Proactive glyph features:

  1. GitLab CI/CD config &
  2. IaC configurations

Glyph using AI to find issues, suggest optimizations, and ensure best practices before problematic configurations ever reach production.

Reactive glyph features:

  1. Incident remediation

Glyph automates incident remediation. All open incidents will be read, processed and suggested a fix for. This facilitating closure of incidents after minutes from their birth.

The gylph AI analyst component is designed to feed rich, contextual data directly into the Velocity dashboard , transforming raw pipeline events( we all hate logs, dont we?) into actionable history and insights. NOTE: Velocity dashboard is not needed to use glyph. It is there if you want a clean display of logs, insights and fixes if you prefer, but not compulsory at all

Introduction

To the uninitiated, a page of glyphs is a complex and unreadable mystery. Modern CI/CD configurations and pipeline logs are today's glyphs.
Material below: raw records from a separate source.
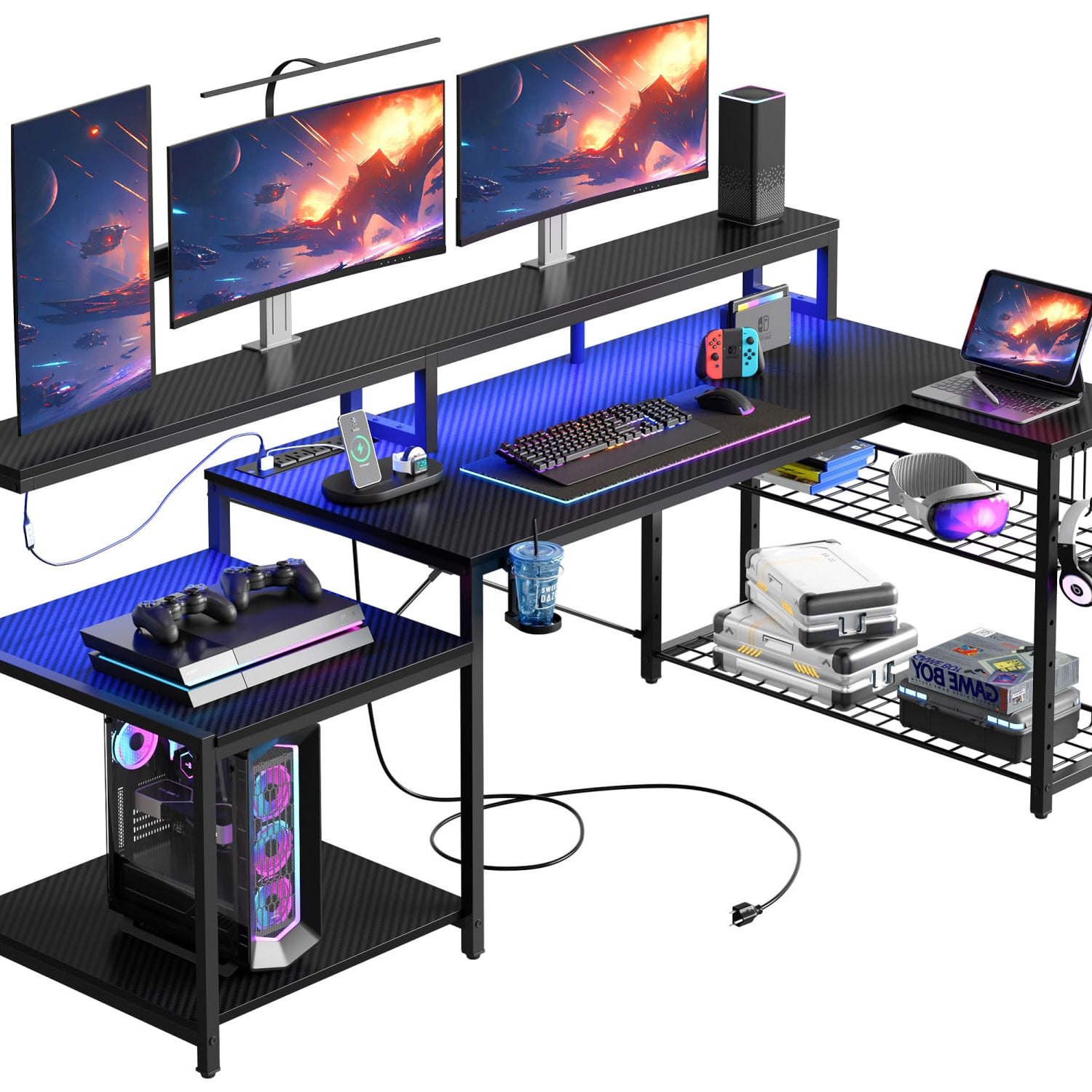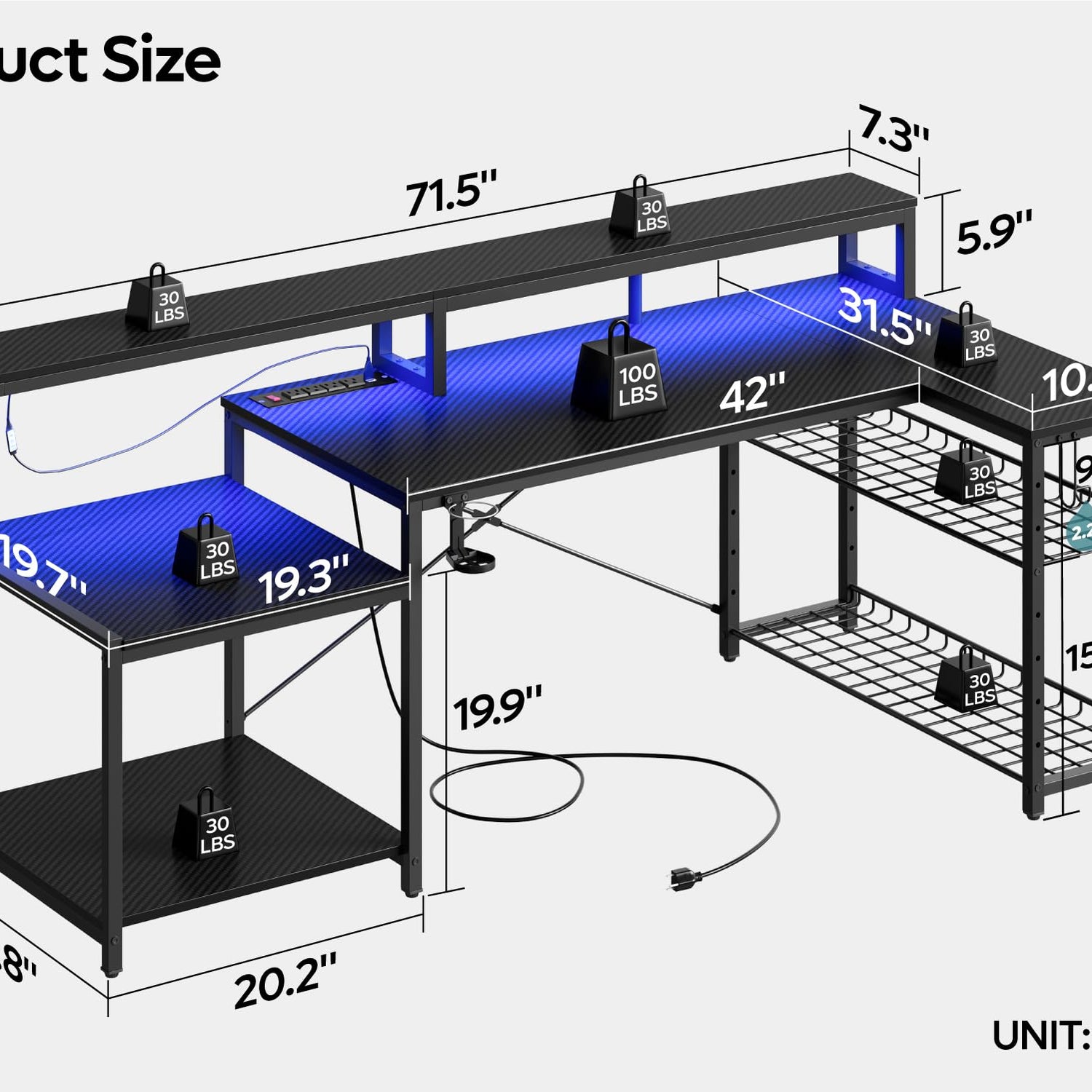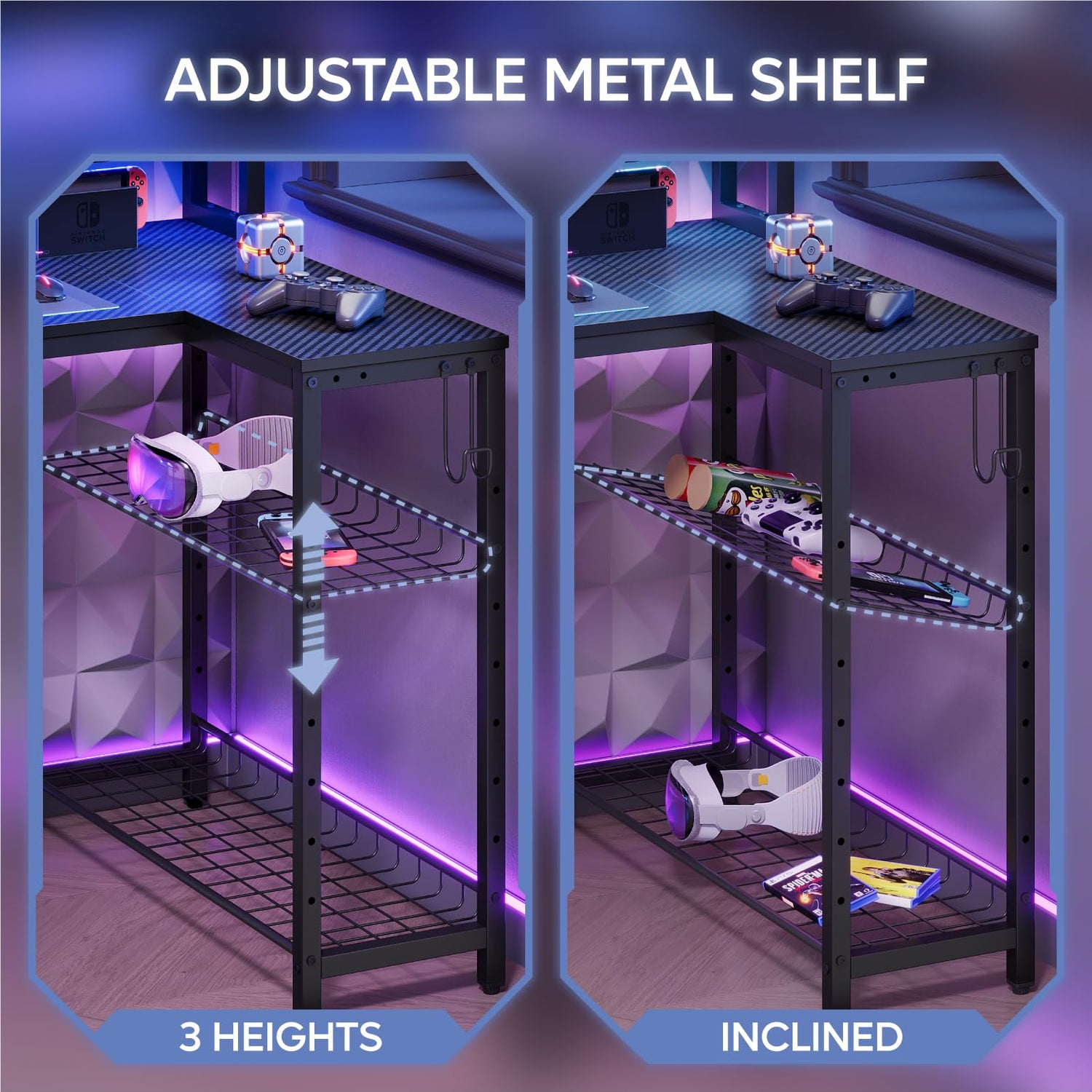 Bestier Gaming Desk with Power Outlet, 71.5 inch LED Computer Desk with Monitor Stand, L Shaped Large Desk with Metal Shelf, Cup Holder & Headset Hooks, Corner Desk for Bedroom 3D Carbon Fiber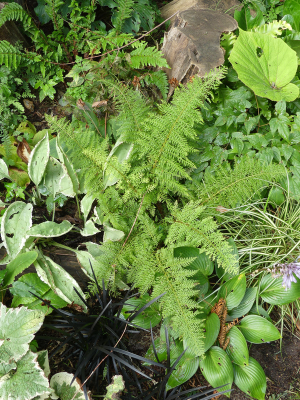 Polystichum setiferum 'Plumosum Selection' hat sich inzwischen voll entfaltet.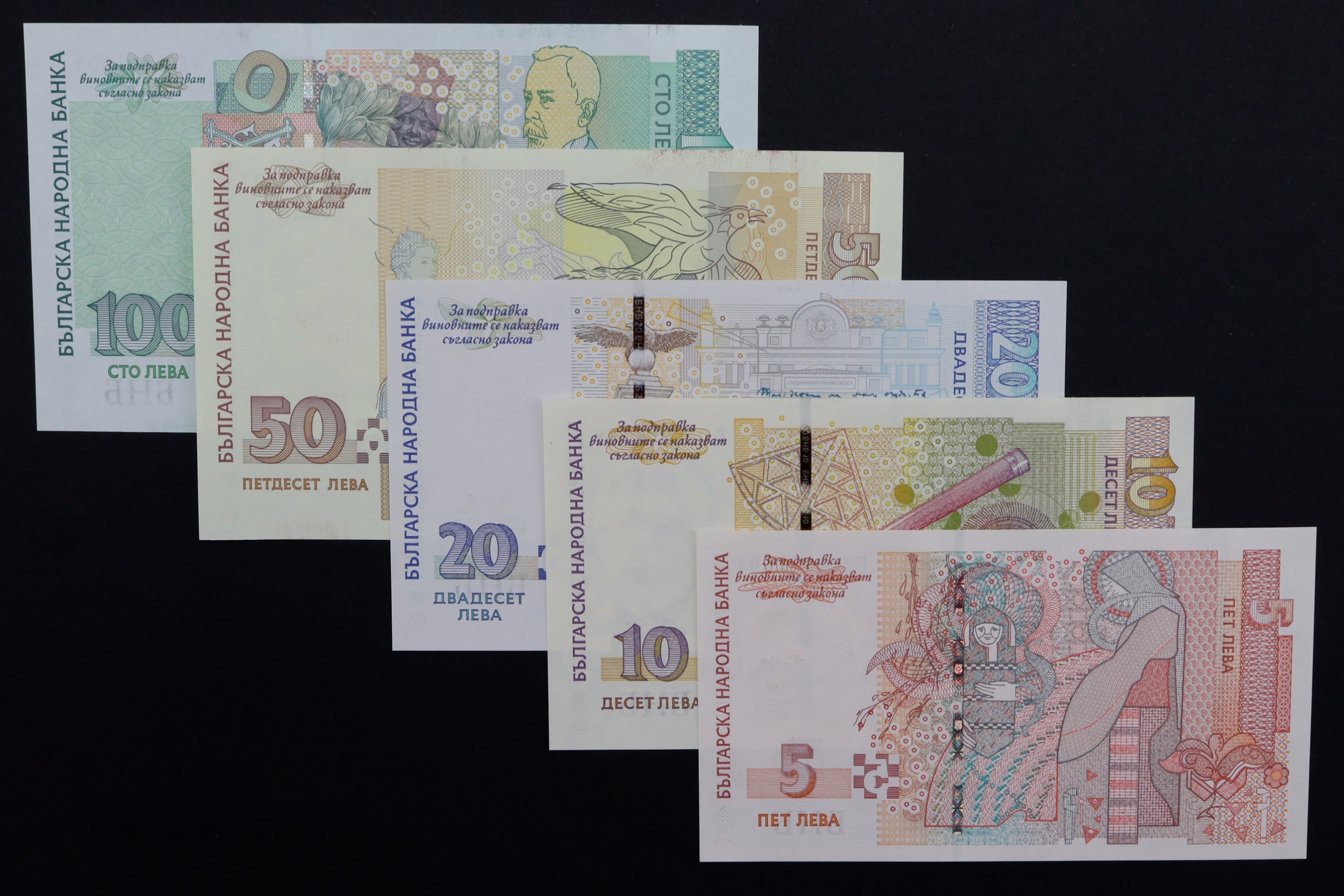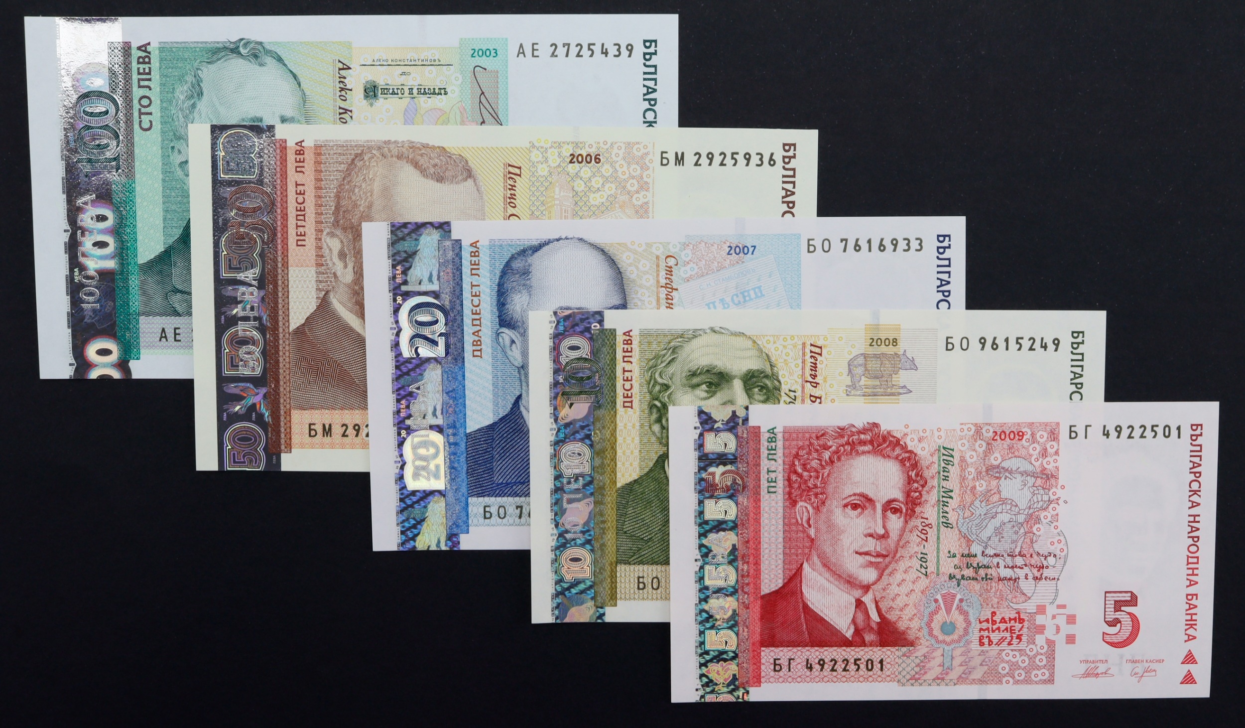 Bulgaria (5), 100 Leva dated 2003, 50 Leva dated 2006, 20 Leva dated 2007, 10 Leva dated 2008, 10 Leva dated 2009 (BNB B229a, B231 - B234, Pick116 - 120) Uncirculated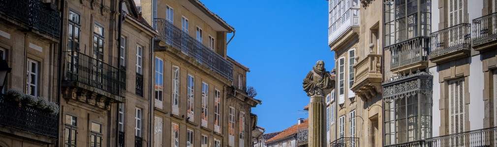 Al trasladarse el mercado a la Plaza de Abastos a finales del siglo XIX, pasó a conocerse como Plaza de Cervantes. En honor al escritor, su busto corona la fuente y nos recuerda que, pese a haber nacido en Alcalá de Henares, el autor de ‘Don Quijote’ era portador de dos apellidos de origen gallego: Cervantes y Saavedra.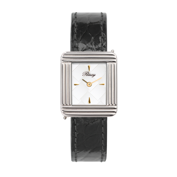 Montre Poiray Ma Première Cadran Blanc Texturé Bracelet Alligator Noir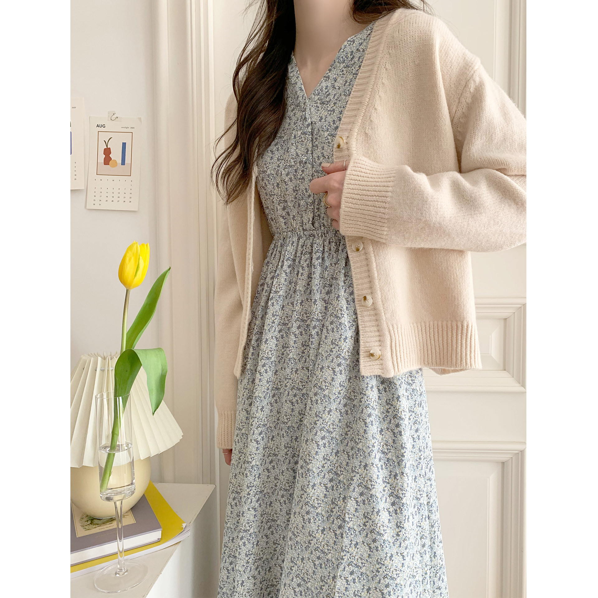 Buy three-free-one-flower-macho elastic waist design French style V collar dress woman little sub a word fragra dresses spring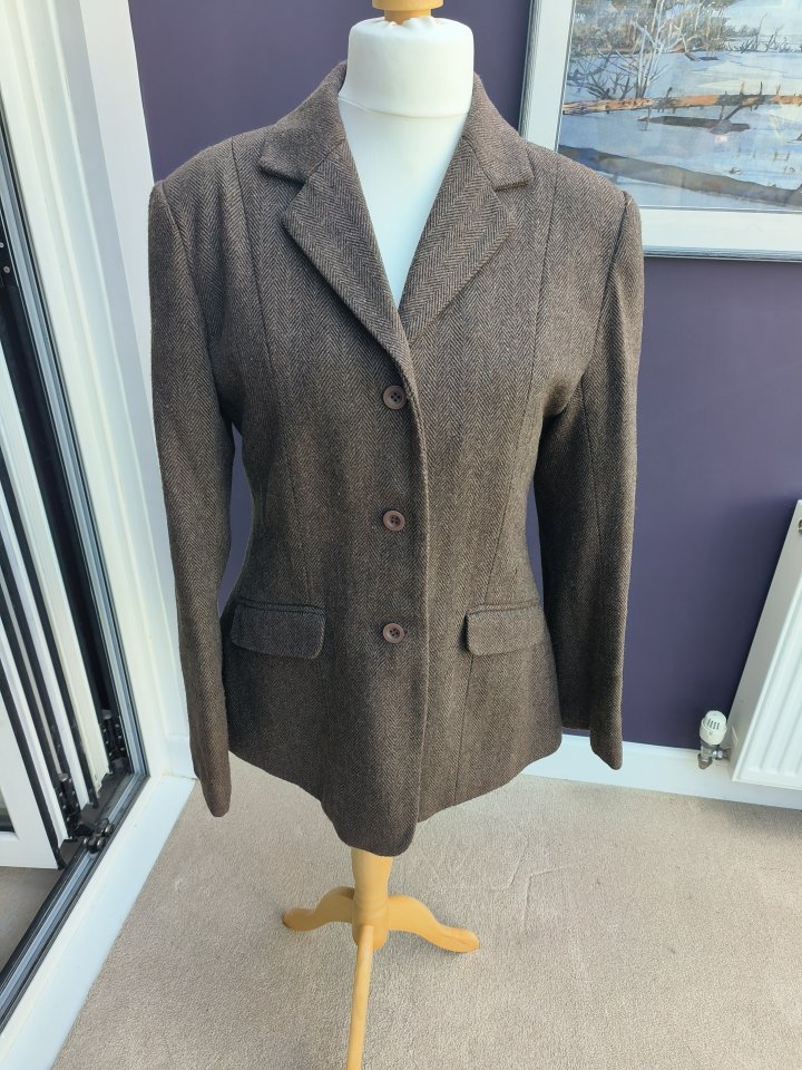 Hacking jacket, scotch Tweed. Perfect condition. Horace Barton and sons of Cheltenham. 36. Size 12/14. £50. Green Tweed.pure wool.Sherwood forest hacking jacket size 14/16. Wool , acrylic. £35 very good condition.Caldene Riding jacket. Black with velvet collar.ladies 36.Excellent condition.£35.Black riding jacket. Easy rider.polyester size 14. Excellent condition £30

They are a dense, symbolic language that can be difficult to decipher. _ So, ironically we built Glyph, a suite of tools, designed to be your expert translator, decoding the complexities of your development lifecycle into clear, actionable wisdom. _

Features of glyph

  • AI-Powered CI/CD Analysis: Sends your CI configuration file, to a powerful AI backend to identify potential errors(incorrect syntax, etc.), security vulnerabilities(exposed secrets, etc.), and performance optimizations(caching, etc.). Raises a MR automatically* with fixed code within few mins.
  • AI-Powered IaC Reviewer: Sends your IaC terraform config to a powerful AI backend to identify cost implications(unneeded high CPU), potential errors(incorrect syntax, etc.), security vulnerabilities(public bucket, etc.), and overall configuration analysis. Raises a MR automatically* with fixed code within few mins.
  • Incident Remediation: When pipeline is run, automatically scans all open incidents via REST API. Uses labels to parse the type of incidents, performs predetermined actions to resolve the incident within minutes.
  • Dashboard-Ready Data Logging: Enriches every scan with comprehensive GitLab metadata (project, pipeline, commit, user info) and logs it to Google's Firestore database, ready for visualization in your velocity dashboard.
  • Automated Incident creation and Failure Analysis: Includes a built-in after_script that automatically detects if the the job fails, and automatically creates an incident with the detailed failure report.
  • Effortless Integration: Add the component to any GitLab project with just a few lines of YAML.
  • Flexible Configuration: Easily specify a custom path to your CI/CD configuration file or IaC file if you don't use the standard .gitlab-ci.yml or main.tf
  • Lightweight and Secure: Runs in a minimal Alpine Linux image and uses protected, masked CI/CD variables for your service URLs. This ensures very fast and air-tight stage runs.

How we built it

This project is built upon a ton of services from Google Cloud, GitLab APIs and others. Including these:

[AI and Data]

  • Google Vertex AI - This is the home of all AI models with which IaC, CI and incident remediation analysis engines are built
  • Google FireStore - This is the storage we used for this entire project. a fully managed, scalable NoSQL where we store all logs, analysis reports, encrypted OAuth tokens, etc.

[Backend APIs and Logic]

  • Google Cloud Functions - This is where the backend and logic is hosted at, chosen for it's scalability and cost-efficiency in no traffic conditions
  • Google API Gateway - This is used to tie up all cloud functions into a singular API, where rate limits and timeouts are set.
  • GitLab APIs - These APIs are used for lot of features like OAuth, creation of MRs, reading of open incidents and their labels, etc.

[User Facing Services]

  • Google Compute Engine - This is used to deploy our frontend - velocity dashboard.
  • Google Load Balancer - This is tied to unmanaged group of compute engines and configured to distribute load among them. Also used to create a Google managed SSL certificate

[Bonus]

  • Google Cloud DNS - All DNS lookups to the domain are configured from here

The Architectural diagram consisting connecting all the above services is here: Google Architecture and Workflow

glyph CI/CD component is written in plain GitLab's yaml syntax under /templates folder. The dashboard, velocity, is built with:

  • python,
  • nextJS,
  • tailwind &
  • noSQL database.

Challenges we ran into

  • Familiarity with GitLab: Since GitLab is new to us both, we took some time to figure out what is what. Going through documentations, tutorials and API references, it all seemed a bit complicated at first. But due to very easy on boarding steps and other guidance by hackathon organizer's in discord, we were able to get up to speed eventually.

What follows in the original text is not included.